Wide area atmospheric surveys, known as top-down surveys, were used by EDF to adjust the results of wellsite visits, where it set up methane detection instruments downwind from production facilities without notifying operators. Observations from planes or towers can reveal abnormally high leaks missed by sporadic site visits, but establishing the source on the ground is difficult.
The EPA measurements are based on ground measurements, known as bottom-up surveys, with cooperative operators. Its wellsite visits use methane detection devices to spot and measure leaks. These surveys help to develop statistics for average emission rates.
This method has highlighted losses from poorly maintained equipment or old pneumatic-powered devices, which are designed to leak small amounts of gas when working. Visiting selected sites from cooperative operators is good for observing how equipment is likely to perform but is prone to undercount sporadic events, such as leaking tanks.
On the other hand, interpreting aerial data gets tricky. As the observer moves away from the wellhead, determining the source of methane detected becomes more difficult because of wind, temperature effects, and the possibility of multiple sources, particularly farm animals. The complexities have made top-down methods an active area for research.
In the time EDF has been working on its estimate of US methane emissions, the problem has evolved.
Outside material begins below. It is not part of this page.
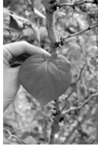
Cercis canadensis eastern redbud
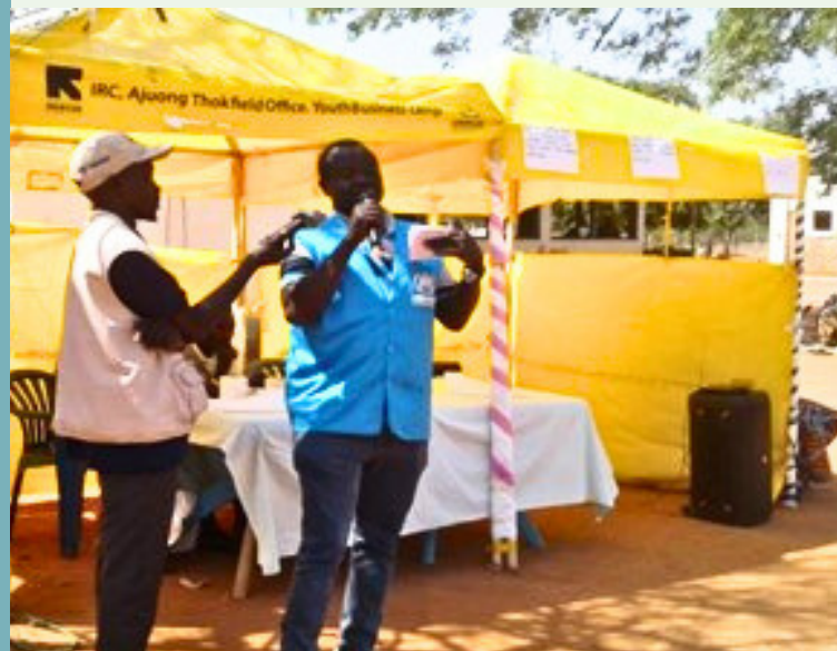
PHOTO: A Jamjang FM Community Correspondent at the Handwashing Day event.

When it began in 2012, EDF targeted several large producing areas—three early shale plays (the Barnett, Fayetteville, and Haynesville); a coal seam gas play (the San Juan); a small slice of the Marcellus play in northeast Pennsylvania; the first big unconventional oil play (the Bakken); and three smaller plays with oil (Unita, Weld County, and West Arkoma).
The study covered areas producing approximately 30% of US gas, and results did not vary much from play to play. Lyon said his organization is considering how to approach methane emissions in the Permian.